> **Input**:
★ ★ ★ ★ ★ ★ ★
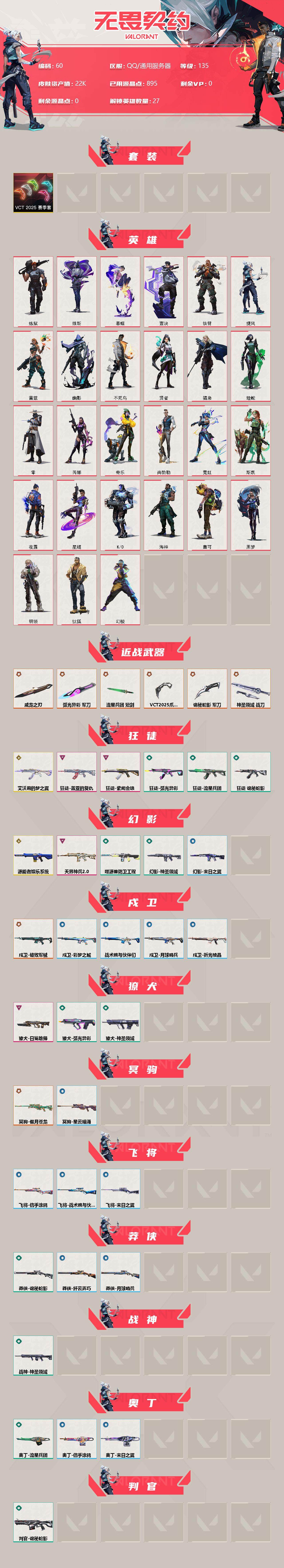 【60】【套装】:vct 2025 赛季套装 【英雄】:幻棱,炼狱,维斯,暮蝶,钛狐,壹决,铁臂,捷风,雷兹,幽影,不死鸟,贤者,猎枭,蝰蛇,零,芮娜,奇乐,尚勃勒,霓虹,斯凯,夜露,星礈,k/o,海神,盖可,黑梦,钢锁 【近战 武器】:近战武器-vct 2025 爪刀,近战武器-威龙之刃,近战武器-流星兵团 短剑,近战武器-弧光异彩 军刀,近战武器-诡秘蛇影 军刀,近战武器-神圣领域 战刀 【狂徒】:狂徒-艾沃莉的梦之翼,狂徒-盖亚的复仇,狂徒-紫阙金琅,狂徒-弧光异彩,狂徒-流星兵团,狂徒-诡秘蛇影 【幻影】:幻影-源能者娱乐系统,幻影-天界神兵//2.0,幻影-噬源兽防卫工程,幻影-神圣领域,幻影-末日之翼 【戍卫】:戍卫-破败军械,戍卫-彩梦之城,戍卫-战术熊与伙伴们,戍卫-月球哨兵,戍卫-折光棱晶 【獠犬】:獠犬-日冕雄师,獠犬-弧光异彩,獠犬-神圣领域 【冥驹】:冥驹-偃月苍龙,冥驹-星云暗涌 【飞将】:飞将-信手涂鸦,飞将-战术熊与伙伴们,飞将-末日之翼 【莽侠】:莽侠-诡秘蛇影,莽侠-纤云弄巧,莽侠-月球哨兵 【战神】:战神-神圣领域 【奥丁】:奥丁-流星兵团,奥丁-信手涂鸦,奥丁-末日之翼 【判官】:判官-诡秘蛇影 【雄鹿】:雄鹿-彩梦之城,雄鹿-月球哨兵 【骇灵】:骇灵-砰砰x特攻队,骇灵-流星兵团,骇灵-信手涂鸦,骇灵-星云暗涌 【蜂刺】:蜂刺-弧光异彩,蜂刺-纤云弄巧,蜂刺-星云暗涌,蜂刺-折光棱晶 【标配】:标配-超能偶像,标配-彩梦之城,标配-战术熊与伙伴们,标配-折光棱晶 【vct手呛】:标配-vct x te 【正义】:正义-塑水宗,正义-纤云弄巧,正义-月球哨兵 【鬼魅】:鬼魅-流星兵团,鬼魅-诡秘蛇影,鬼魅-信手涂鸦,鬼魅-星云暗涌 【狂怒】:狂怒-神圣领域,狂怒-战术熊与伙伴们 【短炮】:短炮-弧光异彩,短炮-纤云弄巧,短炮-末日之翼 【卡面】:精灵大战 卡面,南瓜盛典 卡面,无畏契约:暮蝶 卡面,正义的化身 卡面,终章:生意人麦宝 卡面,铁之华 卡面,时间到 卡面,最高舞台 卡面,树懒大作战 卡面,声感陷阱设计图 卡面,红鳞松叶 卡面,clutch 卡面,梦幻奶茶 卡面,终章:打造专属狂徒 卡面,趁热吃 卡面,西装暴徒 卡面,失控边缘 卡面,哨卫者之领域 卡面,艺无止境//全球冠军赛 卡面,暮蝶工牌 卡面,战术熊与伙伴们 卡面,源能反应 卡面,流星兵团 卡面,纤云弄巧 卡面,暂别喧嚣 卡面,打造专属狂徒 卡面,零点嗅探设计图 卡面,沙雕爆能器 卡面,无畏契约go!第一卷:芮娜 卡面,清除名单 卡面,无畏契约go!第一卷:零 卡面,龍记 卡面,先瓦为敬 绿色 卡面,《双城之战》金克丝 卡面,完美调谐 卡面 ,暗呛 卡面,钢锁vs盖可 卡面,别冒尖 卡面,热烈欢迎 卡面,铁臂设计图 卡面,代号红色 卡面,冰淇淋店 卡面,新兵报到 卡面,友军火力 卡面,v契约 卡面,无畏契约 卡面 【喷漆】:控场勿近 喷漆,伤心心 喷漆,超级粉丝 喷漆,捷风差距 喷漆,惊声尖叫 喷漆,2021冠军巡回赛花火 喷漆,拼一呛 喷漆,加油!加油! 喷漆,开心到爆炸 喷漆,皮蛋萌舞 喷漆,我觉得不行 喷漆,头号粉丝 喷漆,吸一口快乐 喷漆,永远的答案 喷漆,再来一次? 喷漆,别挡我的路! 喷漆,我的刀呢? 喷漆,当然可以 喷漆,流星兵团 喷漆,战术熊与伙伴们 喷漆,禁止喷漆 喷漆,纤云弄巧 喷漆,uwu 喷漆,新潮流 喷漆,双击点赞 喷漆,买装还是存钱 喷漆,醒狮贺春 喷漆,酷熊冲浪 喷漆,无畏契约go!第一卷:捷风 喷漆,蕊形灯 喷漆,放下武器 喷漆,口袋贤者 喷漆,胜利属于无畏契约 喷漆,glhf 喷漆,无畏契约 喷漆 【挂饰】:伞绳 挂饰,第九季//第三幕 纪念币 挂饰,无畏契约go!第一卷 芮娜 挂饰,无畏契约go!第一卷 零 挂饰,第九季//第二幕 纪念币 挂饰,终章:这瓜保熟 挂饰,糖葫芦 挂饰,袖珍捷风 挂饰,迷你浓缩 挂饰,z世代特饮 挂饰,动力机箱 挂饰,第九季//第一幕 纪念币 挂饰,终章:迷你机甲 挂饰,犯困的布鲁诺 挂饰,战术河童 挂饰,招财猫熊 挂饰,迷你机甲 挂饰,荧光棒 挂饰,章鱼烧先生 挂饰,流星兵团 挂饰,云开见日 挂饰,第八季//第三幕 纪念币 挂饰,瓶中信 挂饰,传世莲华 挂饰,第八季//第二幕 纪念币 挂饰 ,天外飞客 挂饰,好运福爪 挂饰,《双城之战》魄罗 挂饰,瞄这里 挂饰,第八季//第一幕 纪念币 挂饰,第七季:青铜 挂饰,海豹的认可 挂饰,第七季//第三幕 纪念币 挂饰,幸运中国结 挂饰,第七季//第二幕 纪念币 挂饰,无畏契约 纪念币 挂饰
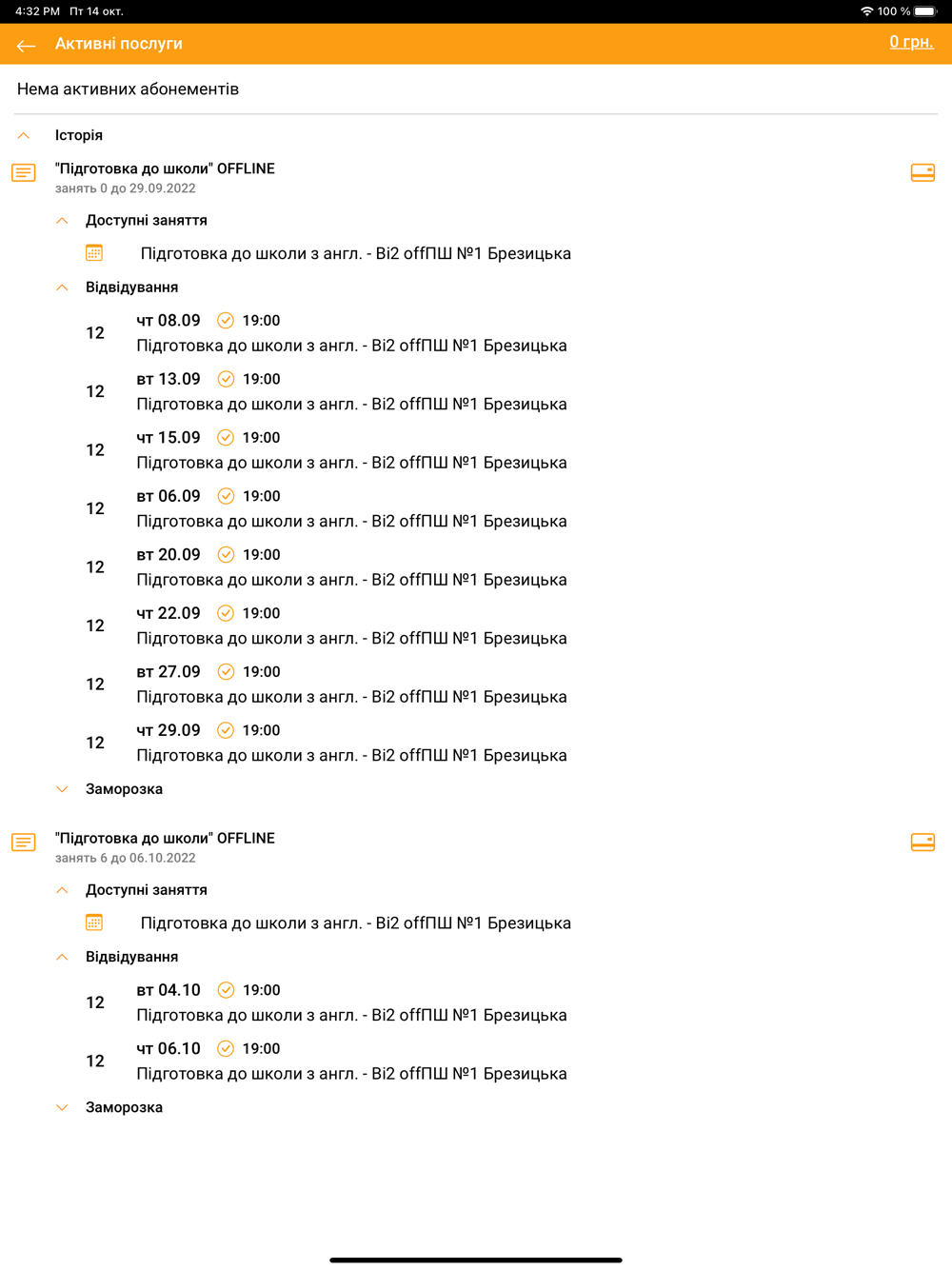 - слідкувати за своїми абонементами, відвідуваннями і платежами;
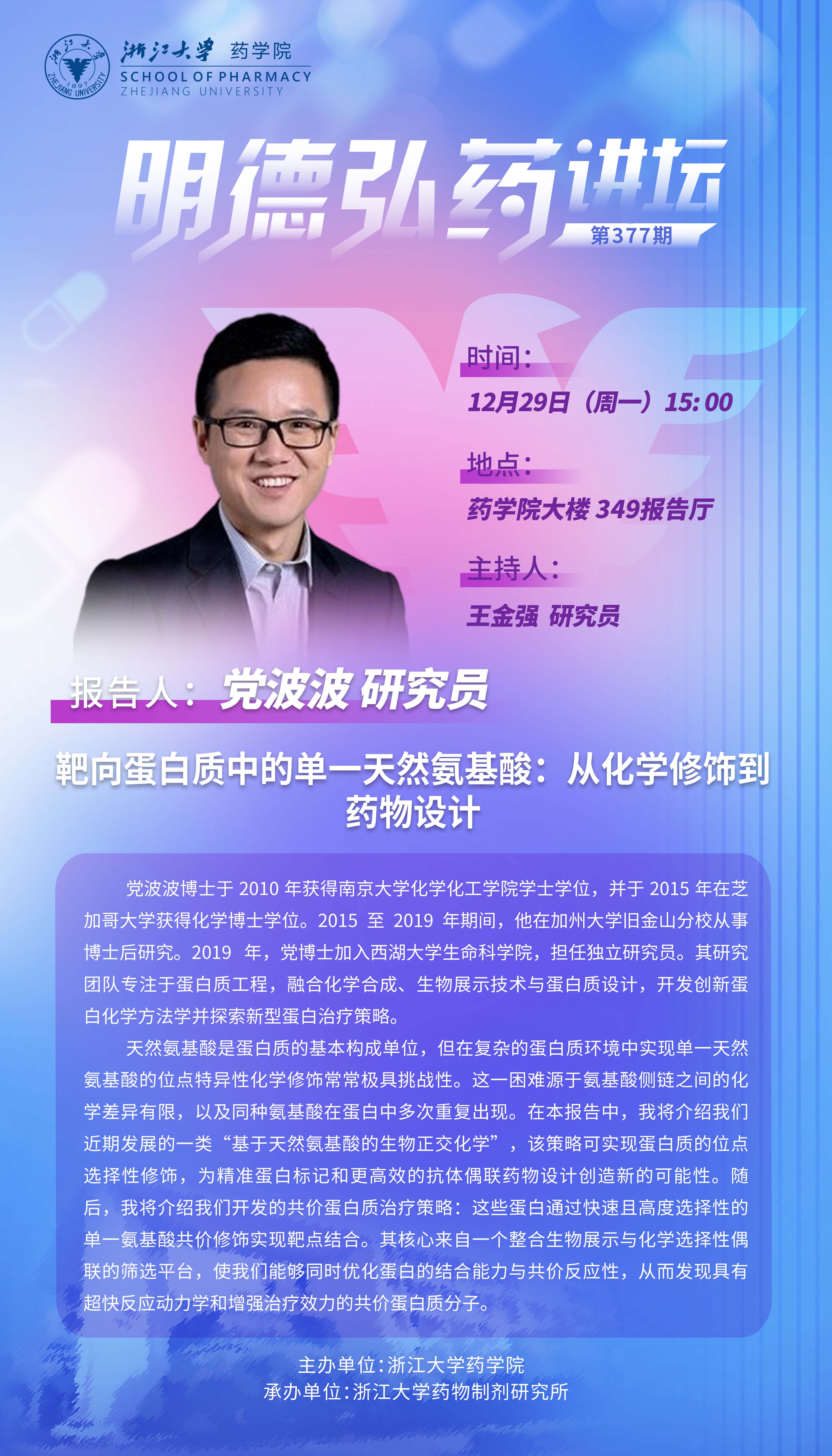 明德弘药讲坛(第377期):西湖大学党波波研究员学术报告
★ ★ ★ ★ ★ ★ ★
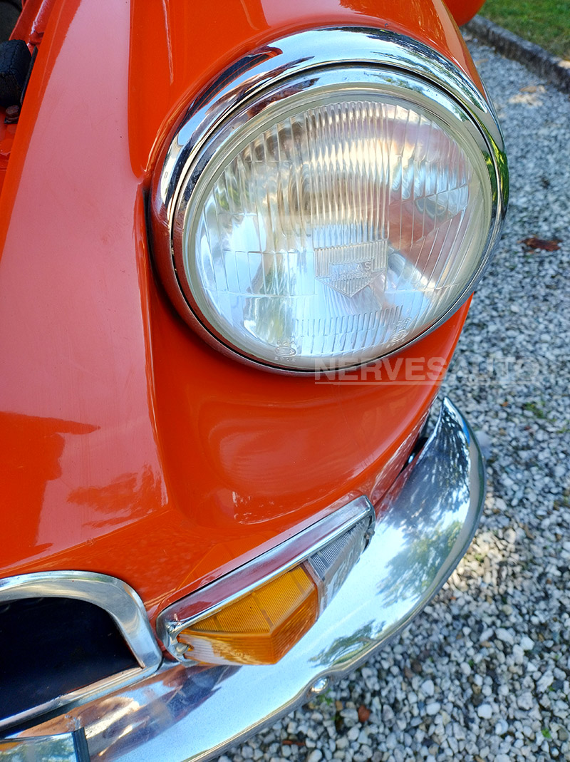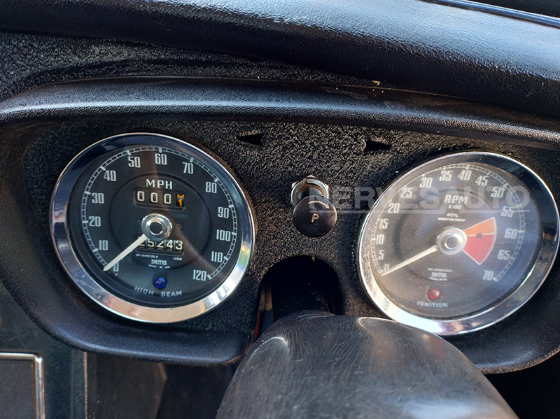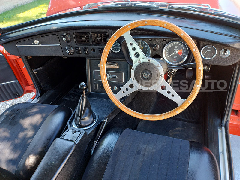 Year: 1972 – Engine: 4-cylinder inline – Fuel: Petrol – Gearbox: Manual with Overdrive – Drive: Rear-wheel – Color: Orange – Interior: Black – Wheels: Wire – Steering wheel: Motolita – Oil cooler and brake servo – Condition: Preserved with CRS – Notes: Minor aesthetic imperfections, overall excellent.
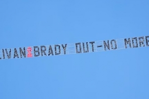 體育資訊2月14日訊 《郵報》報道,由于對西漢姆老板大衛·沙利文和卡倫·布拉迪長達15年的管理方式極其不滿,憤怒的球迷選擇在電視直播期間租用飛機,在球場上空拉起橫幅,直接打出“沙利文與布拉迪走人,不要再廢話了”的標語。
★ ★ ★ ★ ★ ★ ★
> **What you should do**:
Leaving all pictures out, output exactly the lines of the material above from the line with "- слідкувати за" to the line with "明德弘药讲坛(第377期):西湖大学党波波研究员学术报告", both included.

> **Answer section**:
 - слідкувати за своїми абонементами, відвідуваннями і платежами;
 明德弘药讲坛(第377期):西湖大学党波波研究员学术报告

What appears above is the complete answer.